▸ **Your assignment**
For each line of the listing that holds "blue", show the full line.

▸ **Record set**
- - - - -

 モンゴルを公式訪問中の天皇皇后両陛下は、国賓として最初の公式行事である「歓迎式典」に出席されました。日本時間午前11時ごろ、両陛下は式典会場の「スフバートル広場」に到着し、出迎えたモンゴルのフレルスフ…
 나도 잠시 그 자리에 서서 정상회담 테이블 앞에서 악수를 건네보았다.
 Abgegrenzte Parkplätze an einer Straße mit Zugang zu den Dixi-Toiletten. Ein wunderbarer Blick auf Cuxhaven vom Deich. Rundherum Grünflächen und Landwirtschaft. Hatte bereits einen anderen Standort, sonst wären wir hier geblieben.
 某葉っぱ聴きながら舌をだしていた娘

- - - - -

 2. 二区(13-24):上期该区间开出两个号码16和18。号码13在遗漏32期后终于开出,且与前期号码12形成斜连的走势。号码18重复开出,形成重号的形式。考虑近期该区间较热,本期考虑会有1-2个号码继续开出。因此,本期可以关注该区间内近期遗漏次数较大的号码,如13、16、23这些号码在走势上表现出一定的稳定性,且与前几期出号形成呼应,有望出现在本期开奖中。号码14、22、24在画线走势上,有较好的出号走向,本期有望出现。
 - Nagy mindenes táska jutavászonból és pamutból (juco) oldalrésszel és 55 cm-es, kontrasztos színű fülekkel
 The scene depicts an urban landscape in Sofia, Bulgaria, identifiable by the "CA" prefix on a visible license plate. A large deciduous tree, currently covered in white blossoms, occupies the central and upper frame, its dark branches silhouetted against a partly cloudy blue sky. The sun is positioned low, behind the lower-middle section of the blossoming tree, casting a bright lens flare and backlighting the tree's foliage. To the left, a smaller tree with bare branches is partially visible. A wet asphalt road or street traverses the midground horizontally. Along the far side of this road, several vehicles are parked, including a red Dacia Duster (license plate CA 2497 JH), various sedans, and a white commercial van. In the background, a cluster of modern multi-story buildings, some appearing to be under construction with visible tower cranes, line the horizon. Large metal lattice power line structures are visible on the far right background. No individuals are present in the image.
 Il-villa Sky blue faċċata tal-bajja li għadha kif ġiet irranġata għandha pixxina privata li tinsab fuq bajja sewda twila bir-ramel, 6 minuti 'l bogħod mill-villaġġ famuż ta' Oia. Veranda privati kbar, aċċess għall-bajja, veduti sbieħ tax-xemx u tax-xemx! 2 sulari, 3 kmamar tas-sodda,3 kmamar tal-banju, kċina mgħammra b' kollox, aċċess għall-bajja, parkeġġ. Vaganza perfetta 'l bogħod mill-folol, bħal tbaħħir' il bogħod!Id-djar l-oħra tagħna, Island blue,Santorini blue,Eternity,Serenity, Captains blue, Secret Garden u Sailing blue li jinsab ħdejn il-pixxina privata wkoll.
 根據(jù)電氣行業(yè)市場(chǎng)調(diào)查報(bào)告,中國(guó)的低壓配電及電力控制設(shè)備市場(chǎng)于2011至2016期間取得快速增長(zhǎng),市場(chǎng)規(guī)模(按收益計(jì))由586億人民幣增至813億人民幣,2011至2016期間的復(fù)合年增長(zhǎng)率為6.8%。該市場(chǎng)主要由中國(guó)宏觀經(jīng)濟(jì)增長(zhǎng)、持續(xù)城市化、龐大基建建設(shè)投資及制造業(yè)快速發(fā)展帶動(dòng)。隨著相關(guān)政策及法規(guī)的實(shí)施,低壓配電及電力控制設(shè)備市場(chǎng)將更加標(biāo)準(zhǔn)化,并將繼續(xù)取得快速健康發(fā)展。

- - - - -

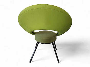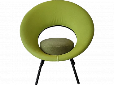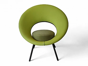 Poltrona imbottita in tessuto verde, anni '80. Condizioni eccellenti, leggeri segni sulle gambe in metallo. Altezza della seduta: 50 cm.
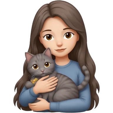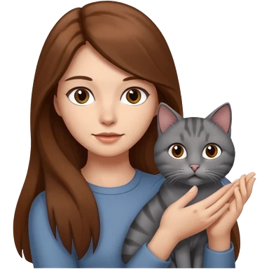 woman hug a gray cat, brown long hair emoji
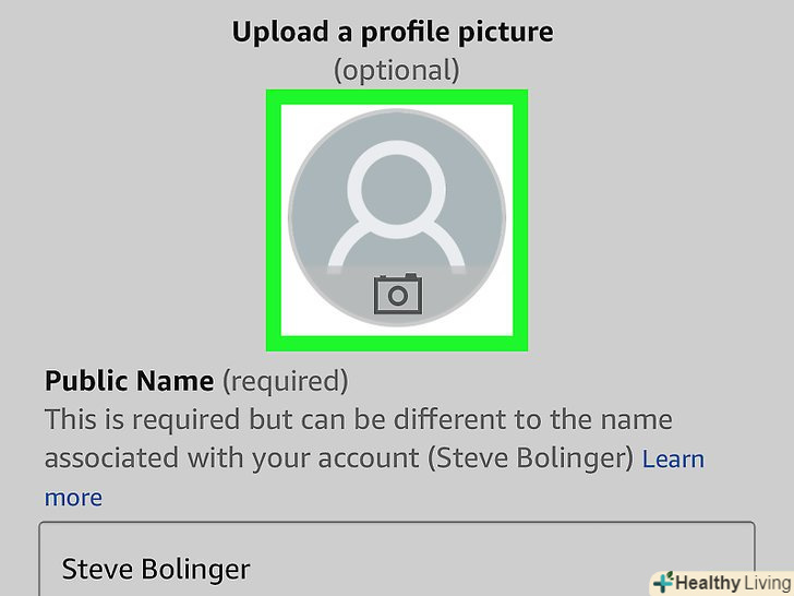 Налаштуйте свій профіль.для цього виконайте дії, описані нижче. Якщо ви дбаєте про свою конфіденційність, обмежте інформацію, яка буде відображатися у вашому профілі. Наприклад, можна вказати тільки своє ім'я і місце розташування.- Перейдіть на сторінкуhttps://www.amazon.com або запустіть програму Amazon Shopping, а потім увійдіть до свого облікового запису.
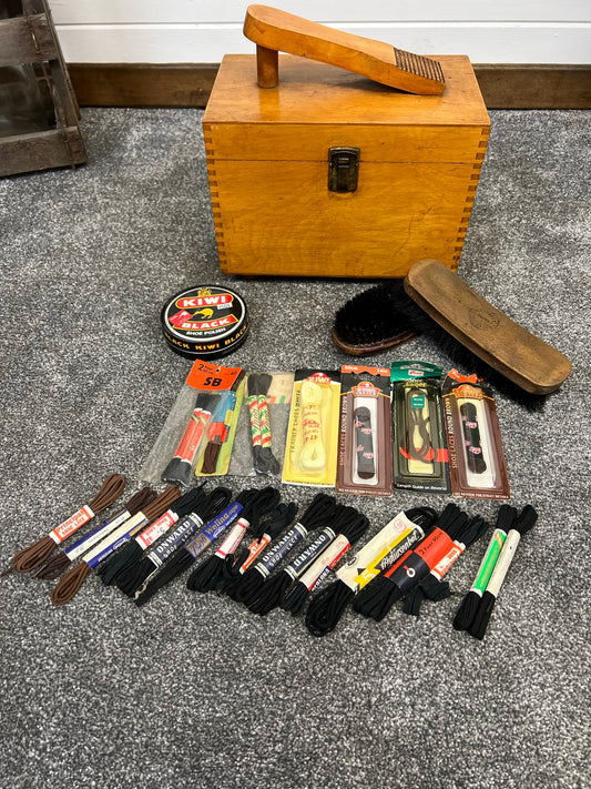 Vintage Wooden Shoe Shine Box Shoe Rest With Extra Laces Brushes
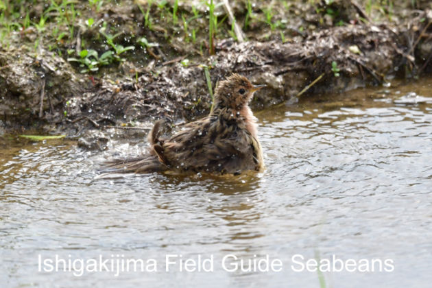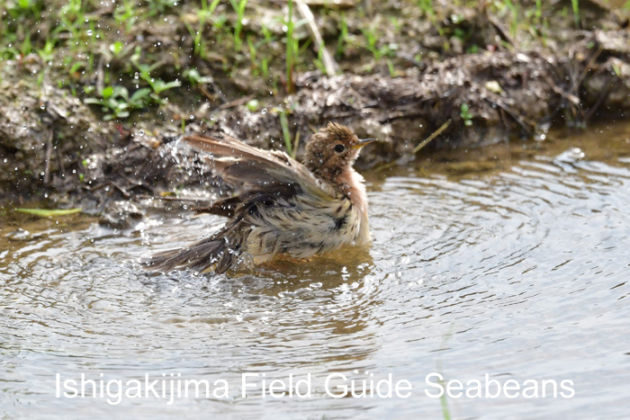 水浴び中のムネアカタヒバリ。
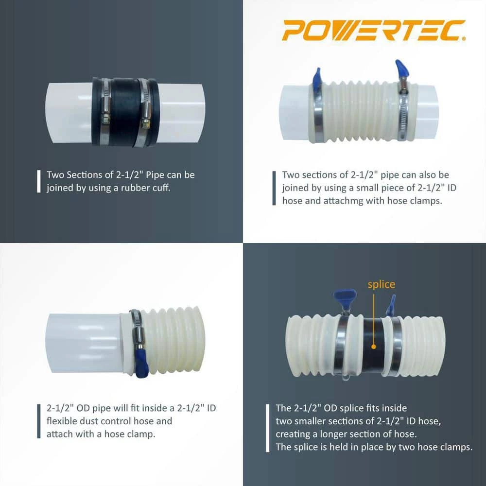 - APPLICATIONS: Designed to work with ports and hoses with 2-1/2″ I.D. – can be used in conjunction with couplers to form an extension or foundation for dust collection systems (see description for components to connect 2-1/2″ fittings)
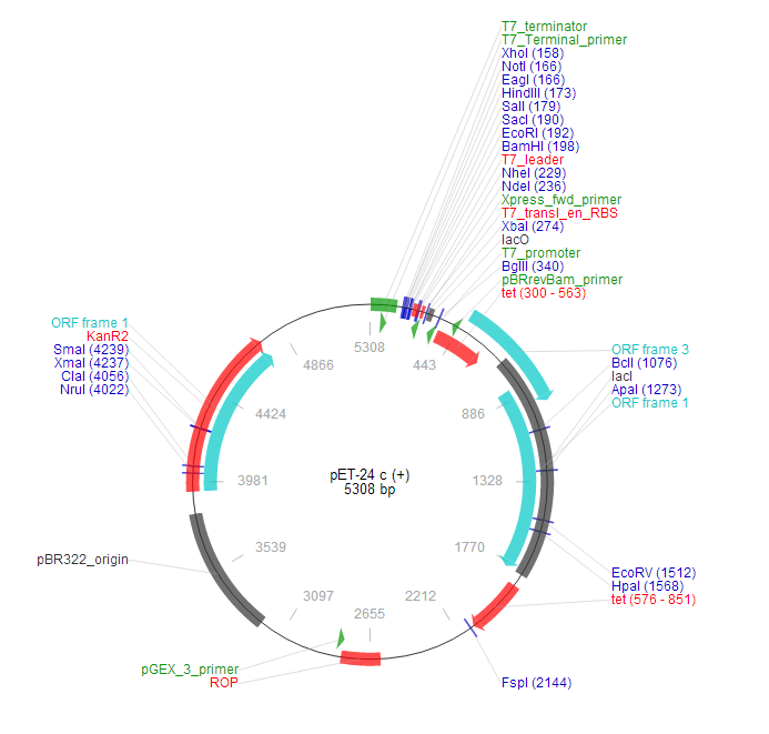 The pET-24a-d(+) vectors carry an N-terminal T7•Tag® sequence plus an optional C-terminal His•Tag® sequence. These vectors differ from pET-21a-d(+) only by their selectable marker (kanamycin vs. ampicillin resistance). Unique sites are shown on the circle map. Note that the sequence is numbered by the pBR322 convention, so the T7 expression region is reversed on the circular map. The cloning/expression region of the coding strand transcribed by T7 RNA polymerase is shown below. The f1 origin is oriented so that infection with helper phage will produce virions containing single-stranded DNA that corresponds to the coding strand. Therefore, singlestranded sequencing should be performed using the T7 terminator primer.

- - - - -

▸ **Task result**
 The scene depicts an urban landscape in Sofia, Bulgaria, identifiable by the "CA" prefix on a visible license plate. A large deciduous tree, currently covered in white blossoms, occupies the central and upper frame, its dark branches silhouetted against a partly cloudy blue sky. The sun is positioned low, behind the lower-middle section of the blossoming tree, casting a bright lens flare and backlighting the tree's foliage. To the left, a smaller tree with bare branches is partially visible. A wet asphalt road or street traverses the midground horizontally. Along the far side of this road, several vehicles are parked, including a red Dacia Duster (license plate CA 2497 JH), various sedans, and a white commercial van. In the background, a cluster of modern multi-story buildings, some appearing to be under construction with visible tower cranes, line the horizon. Large metal lattice power line structures are visible on the far right background. No individuals are present in the image.
 Il-villa Sky blue faċċata tal-bajja li għadha kif ġiet irranġata għandha pixxina privata li tinsab fuq bajja sewda twila bir-ramel, 6 minuti 'l bogħod mill-villaġġ famuż ta' Oia. Veranda privati kbar, aċċess għall-bajja, veduti sbieħ tax-xemx u tax-xemx! 2 sulari, 3 kmamar tas-sodda,3 kmamar tal-banju, kċina mgħammra b' kollox, aċċess għall-bajja, parkeġġ. Vaganza perfetta 'l bogħod mill-folol, bħal tbaħħir' il bogħod!Id-djar l-oħra tagħna, Island blue,Santorini blue,Eternity,Serenity, Captains blue, Secret Garden u Sailing blue li jinsab ħdejn il-pixxina privata wkoll.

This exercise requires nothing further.